Paying cash to cocoa farmers must stop, use electronic payment – Dr. Bawumia


The Vice President, Dr. Mahamudu Bawumia has stated that the practice where about GH¢15 billion is paid to cocoa farmers face-to-face in cash annually must stop for the funds to be transferred electronically.

He maintained that the practice defeats government’s aggressive move to achieve a digital transformation that will enhance financial inclusion. He added that such acts do not only make the sector unattractive to the youth but also creates a room that allow cocoa farmers to be exploited.

Expressing dissatisfaction at the process through which cocoa farmers are paid, Dr. Bawumia stressed that a commodity like cocoa that contributes about 2.5 percent to Ghana’s GDP and 25 percent of foreign earnings must have its payment processes to farmers digitized.

“Cash remains the primary payment method used to purchase cocoa in Ghana. The narrative must change in line with government’s digital transformation agenda”, he said at the launch of the Cocoa Management System in Accra.

Outlining the benefits of the Cocoa Management System, Dr. Bawumia said the data that will be compiled will not only enhance financial inclusion but will also enable a smooth implementation of the Cocoa Farmers Pension Scheme that is scheduled to be launched soon.

“I know that a successful completion of the Cocoa Management System that we are launching today will also pave the way for the implementation of the Cocoa Pensions Scheme.”

He explained that the data will provide accurate information on a number of issues such as farm size, cocoa production, average harvest as well as many vital information of cocoa farmers that will be needed to make the pension scheme successful.

“We must take advantage of technology to digitize all this information for a reliable data,” he said adding that this will provide an opportunity to keep records of all transactions undertaken by cocoa farmers to make meaningful decisions for farmers. Further, he stated that the move will help government in the certification of cocoa beans to improve its value for a higher return.

Touching on armed robbery cases recorded in the cocoa sector, the Vice President was hopeful electronic payment system will reduce the risks that farmers and other stakeholders face in carrying huge amount of money to the hinterlands to pay cocoa farmers.

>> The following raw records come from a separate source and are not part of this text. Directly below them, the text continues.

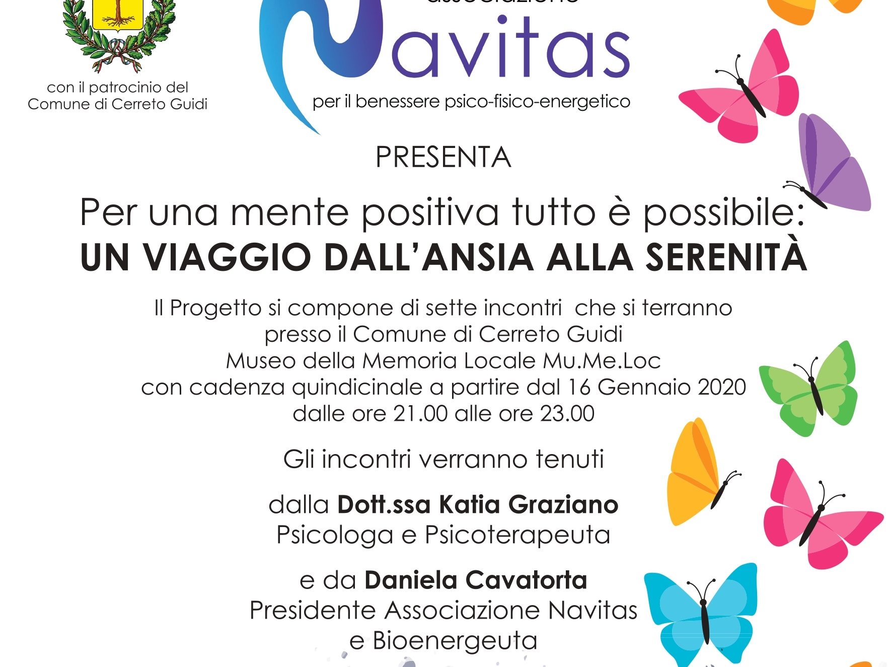 Sconfiggere lo stress con metodi appropriati. È l’obiettivo che si prefigge il progetto Per una mente positiva tutto è possibile: un viaggio dall’ansia alla serenità. Il progetto organizzato dall'Associazione Navitas per il benessere psico-fisico-energetico, ha lo scopo di far capire e conoscere lo stress quotidiano, a cui tutti noi ormai siamo esposti ed imparare a gestirlo attraverso 7 incontri serali a cadenza quindicinale che inizieranno giovedì 16 gennaio al MuMeLoc.
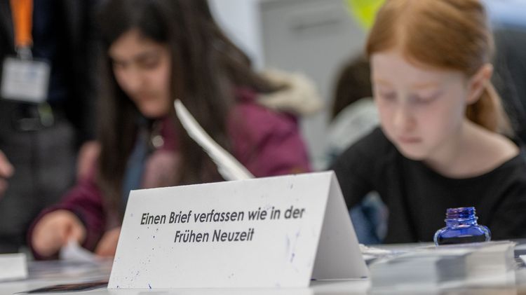 Ein Leben ohne WhatsApp: Früher wurden Briefe mit einer Vogelfeder geschrieben. Briefumschläge gab es vor 300 Jahren noch nicht. Das Briefpapier wurde damals zu Paketen gefaltet. Es gab ein ausgeklügeltes System an Falttechniken. An der Station des SULab könnt ihr selbst ausprobieren, wie man mit einer Feder schreibt und wie Briefe früher sicher verschlossen und gesiegelt wurden.
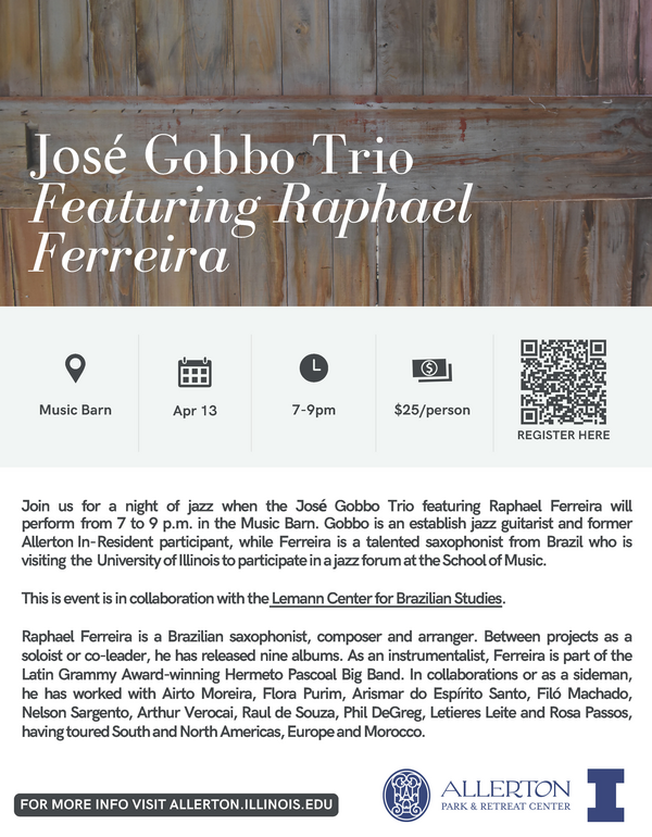 Join us for a night of jazz when the José Gobbo Trio featuring Raphael Ferreira will perform from 7 to 9 p.m. in the Music Barn. Gobbo is an establish jazz guitarist and former Allerton In-Resident participant, while Ferreira is a talented saxophonist from Brazil who is visiting the University of Illinois to participate in a jazz forum at the School of Music.
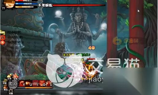 千年蜈蚣BOSS在玩家使用悟空的时候先在远处使用火眼进行远程攻击,在这个过程中注意规避BOSS的毒针伤害和冲撞技能,最后直接使用八卦进行眩晕火使用与竞品缠绕就可以杀死蜈蚣了,挑战的技巧为最好使用眩晕技能,中毒技能或者是冰冻技能,要将BOS给控制住,如果控制不住的话,千年蜈蚣的攻击评率过高,手残玩家很难通关。
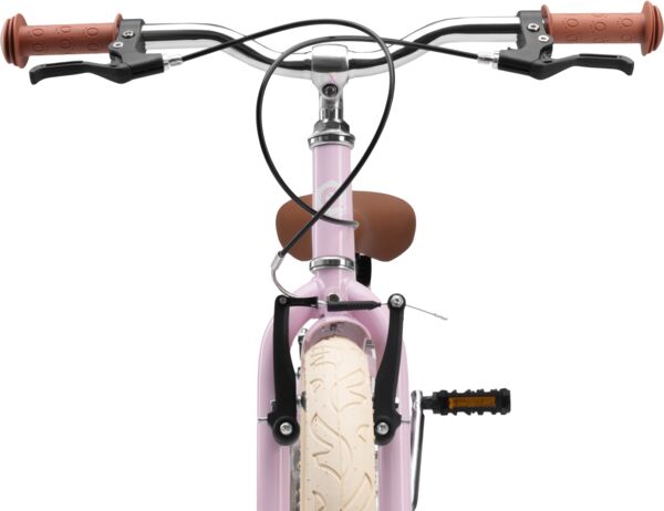 - Рама виконана за класичною високою схемою міського велосипеда з високим кермом. Це забезпечує зручну посадку і дає змогу дитині їздити на велосипеді з рівною поставою, без зайвих напружень.
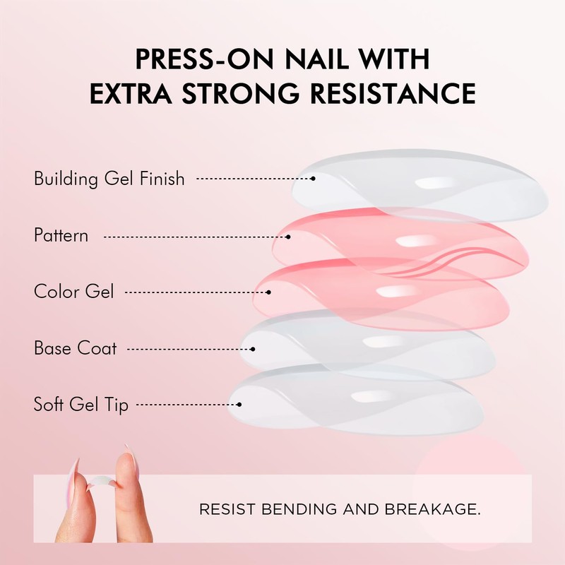 If you've been curious about press-on nails but worry that regular nail glue doesn't hold up well for daily use, our UV Cure Nails Series is the perfect solution! Our UV Cure Glue Nails sets to a quality that rivals salon nails, providing a strong and stable hold. Plus, we also include nail glue that doesn’t require a lamp, so you can easily customize your wear time based on your needs. Each nail tip is crafted using the same meticulous techniques as salon-quality nails, utilizing materials that are slim, durable, and comfortably molded to fit your natural nail shape without breaking.
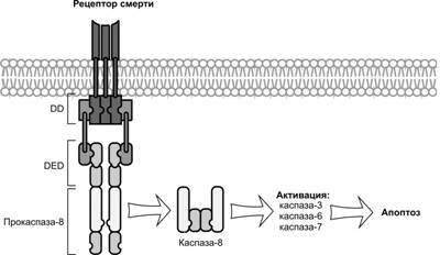 Рис. 4-12. Сигналы смерти активируют внутриклеточные сигнальные пути.В цитоплазматической части молекулы рецептора смерти присутствуют домены смерти DD (Death Domain), которые образуют тетрамерные комплексы с эффекторными доменами смерти DED(Death Effector Domain) в составе предшественника инициаторной каспазы-8. Этот комплекс назван смерть-индуцирующим сигнальным комплексом DISC (Death-Inducing Signaling Complex). Находясь в составе данного комплекса, прокаспаза-8 приобретает способность к активации путём аутопротеолитического расщепления, в результате которого образуется активная инициаторная каспаза-8. Она имеет гетеротетрамерную структуру, т.е. состоит из двух малых и двух больших субъединиц. Каспаза-8 активирует эффекторные каспазы, которые вовлекаются в апоптоз. [108]
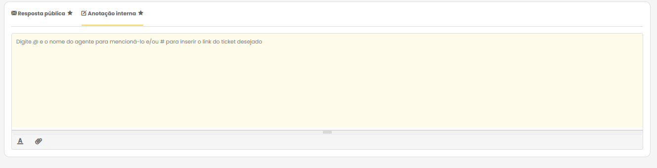 - Resposta Pública: É a comunicação que chega ao e-mail do cliente. Utilize apenas para finalizar o processo ou informar dados que o cliente final deva obrigatoriamente possuir.

On his part, the Chief Executive of COCOBOD, Joseph Boahen Aidoo said the new system will provide his outfit an opportunity to monitor how cocoa inputs are distributed to farmers. He was of the view that the system will bring sunshine to all activities undertaken by third party operators, providing visibility for the regulator to ensure that inputs really go to cocoa farmers.

Recounting some specific challenges that will also be solved by the Cocoa Management System, Mr. Aidoo said the data will erase the perception in the international community suggesting that cocoa farmers engage in deforestation and child labour for their produce.

He stated that COCOBOD, on countless occasions, has been challenged by the western world to provide data to support assertions that cocoa farmers and communities do not engage in illegal activities in producing cocoa.

To cure this mischief, the COCOBOD Chief Executive is optimistic the empirical evidence that will be captured in the data indicating the number of persons engaged on farms and the kind of farming methods used will exonerate cocoa producing countries in Africa. “I have been on many international platforms and when they challenge us on data they ask us that without information, without data how do you develop policies.”

Mr. Aidoo assured that such challenges will be a thing of the past as COCOBOD embarks on a new development path to build a reliable data base.